El cuello de botella que frena a la IA industrial
Los centros de datos actuales gastan entre el 40 y el 60% de sus costos operativos en electricidad. Si puedes reducir el consumo de las interconexiones 5 veces, eso no es un dato técnico menor; es una ventaja competitiva directa. Además, el cobre tiene límites físicos de velocidad y densidad que la fotónica no tiene: a medida que los clústeres de IA se vuelven más grandes (estamos hablando de decenas de miles de GPUs en un solo superclúster), el cobre simplemente no escala.
Scintil lleva más de 15 años de investigación acumulada desde el CEA-Leti, el instituto de semiconductores de Grenoble donde su fundadora y CTO Sylvie Menezo desarrolló los fundamentos de la tecnología. Empezar a entregar chips a clientes en marzo de 2026 es el paso de laboratorio a realidad industrial que le faltaba al sector.
Si te interesan los chips y el hardware que alimenta la IA, también vale la pena ver cómo la industria está explorando nuevas formas de empaquetar chips con sustratos de vidrio para centros de datos IA, otro enfoque complementario al de la fotónica.
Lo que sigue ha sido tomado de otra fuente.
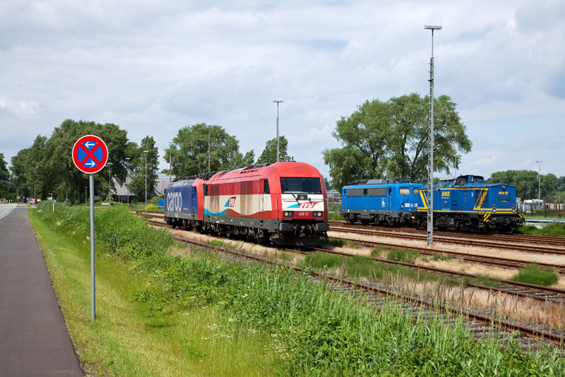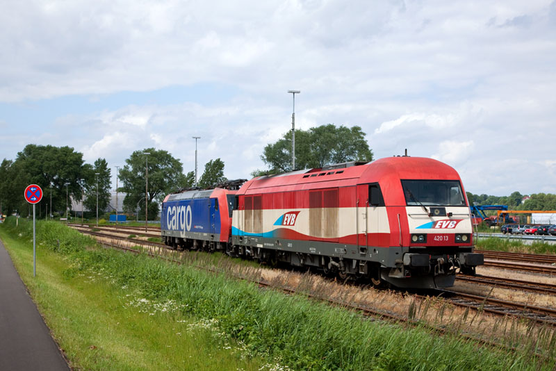 | Die 420 13 der EVB wartete mit laufendem Motor, am Haken hatte die die 482 003-1 der SBB Cargo. Hamburg-Waltershof, 17. Juni 2012 |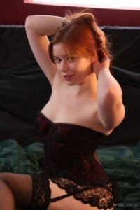 Físico impecable y nubil con proporciones excepcionales de agradables oculares, y una cara bonita siempre sonriente que evoca vitalidad juvenil y energía encantadora. Conoce al encantador y travieso pelirrojo llamado Kimberly. Ella está vestida con un corsé negro y rojo que resalta sus hermosas curvas femeninas y una transmisión negra y un ligero que muestra sus caderas curvas y piernas sexys. Su divertido y juguetón encanto hacia la cámara tiene ese efecto hechizante, su mirada magnetizante te hace querer acercarte a ella.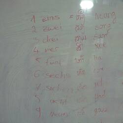 Am Dienstag hingegen haben wir die Pause genutzt, um koreanisch essen zu gehen. Währenddessen hat Soulisack versucht, uns das laotische Alphatbet näher zu bringen. Nicht nur das Schreiben ist hier eine Kunst, sondern auch die Aussprache ist total schwierig, die Buchstaben hören sich teilweise genau gleich an und wir sind fast verzweifelt, die Unterschiede festzustellen.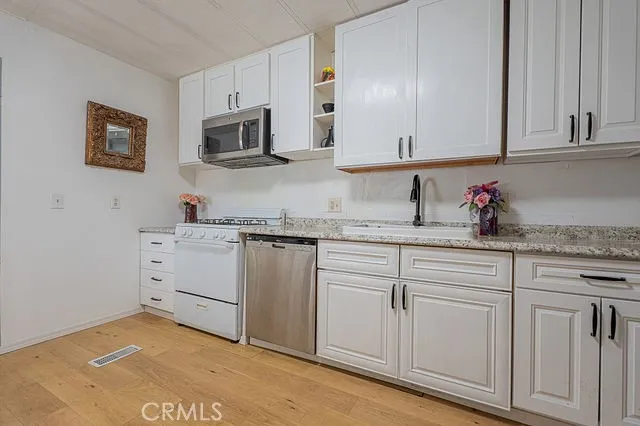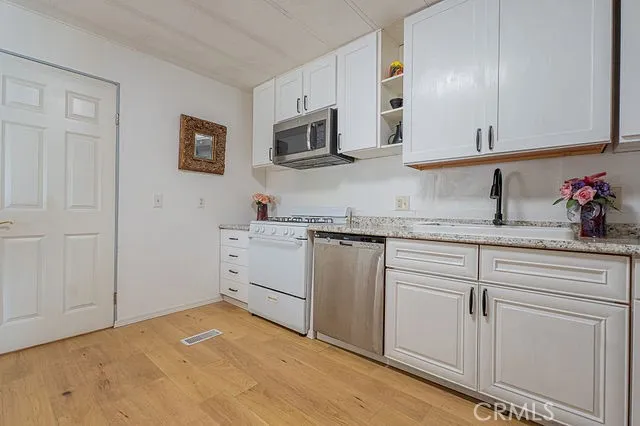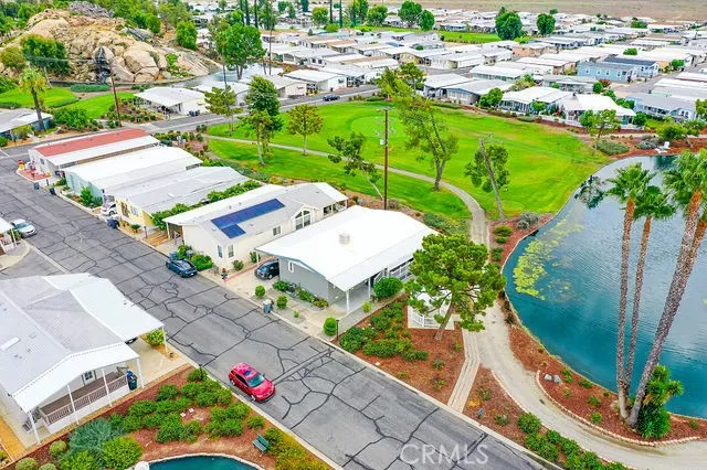 Beautiful home located in a highly desirable 55+ Manufactured Home Community. Situated on a great lot right next to the lake and golf course. This bright and open home features numerous windows that bring in plenty of natural light. The kitchen offers white cabinetry and stainless-steel appliances, with a convenient indoor laundry area nearby as well as 3 carport spaces for parking. Enjoy relaxing on the covered patio while taking in the scenic views. The community offers exceptional amenities including a clubhouse, swimming pool, and golf facilities—free for residents to enjoy. There are also many social events and activities throughout the year, making this an ideal place for an active senior lifestyle.

Y para entender la magnitud de la inversión en infraestructura: Eridu AI levantó $200M en secreto precisamente para desarrollar nuevas formas de interconexión en los servidores de IA.
Por qué importa
Este no es un anuncio de roadmap ni una promesa de startup: Scintil ya está entregando chips reales a clientes reales para pruebas. El hecho de que NVIDIA haya apostado tanto capital en este espacio (Scintil más Lumentum más Coherent) indica que la transición del cobre a la luz en los centros de datos no es un “si”, sino un “cuándo”. Y ese “cuándo” cada vez parece más próximo.
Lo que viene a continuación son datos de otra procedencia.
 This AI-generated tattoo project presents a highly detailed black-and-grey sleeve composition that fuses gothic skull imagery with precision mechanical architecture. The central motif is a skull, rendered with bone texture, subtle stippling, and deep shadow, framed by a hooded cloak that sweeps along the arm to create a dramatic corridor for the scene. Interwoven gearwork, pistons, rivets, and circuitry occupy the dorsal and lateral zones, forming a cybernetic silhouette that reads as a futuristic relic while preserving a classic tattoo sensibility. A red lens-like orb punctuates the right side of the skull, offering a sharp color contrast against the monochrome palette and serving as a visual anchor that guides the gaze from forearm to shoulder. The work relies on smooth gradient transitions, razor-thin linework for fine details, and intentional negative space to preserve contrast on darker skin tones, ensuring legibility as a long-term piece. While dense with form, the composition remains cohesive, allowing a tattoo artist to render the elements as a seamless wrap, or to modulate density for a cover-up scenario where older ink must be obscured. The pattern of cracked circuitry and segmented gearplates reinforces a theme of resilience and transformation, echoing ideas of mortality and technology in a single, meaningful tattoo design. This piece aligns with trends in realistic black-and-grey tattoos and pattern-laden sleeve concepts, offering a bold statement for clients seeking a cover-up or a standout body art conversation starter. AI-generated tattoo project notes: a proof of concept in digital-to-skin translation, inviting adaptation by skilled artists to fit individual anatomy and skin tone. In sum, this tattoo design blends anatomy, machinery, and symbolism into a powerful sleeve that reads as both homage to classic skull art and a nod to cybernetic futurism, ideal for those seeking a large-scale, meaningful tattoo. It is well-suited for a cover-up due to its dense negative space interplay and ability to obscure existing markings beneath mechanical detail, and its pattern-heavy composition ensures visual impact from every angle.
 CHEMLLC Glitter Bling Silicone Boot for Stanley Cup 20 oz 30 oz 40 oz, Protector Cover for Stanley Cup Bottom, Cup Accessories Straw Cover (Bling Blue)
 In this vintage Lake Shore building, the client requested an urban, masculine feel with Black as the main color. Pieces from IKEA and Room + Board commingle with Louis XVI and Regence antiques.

Para los founders que construyen productos sobre infraestructura de IA, el mensaje es claro: los costos de cómputo van a bajar significativamente cuando esta transición ocurra. Para los que están en el lado de infraestructura o hardware, es el momento de entender si la fotónica integrada va a redefinir tu cadena de proveedores en los próximos 3 a 5 años. La startup que conecta chips con luz ya no es ciencia ficción; está en producción.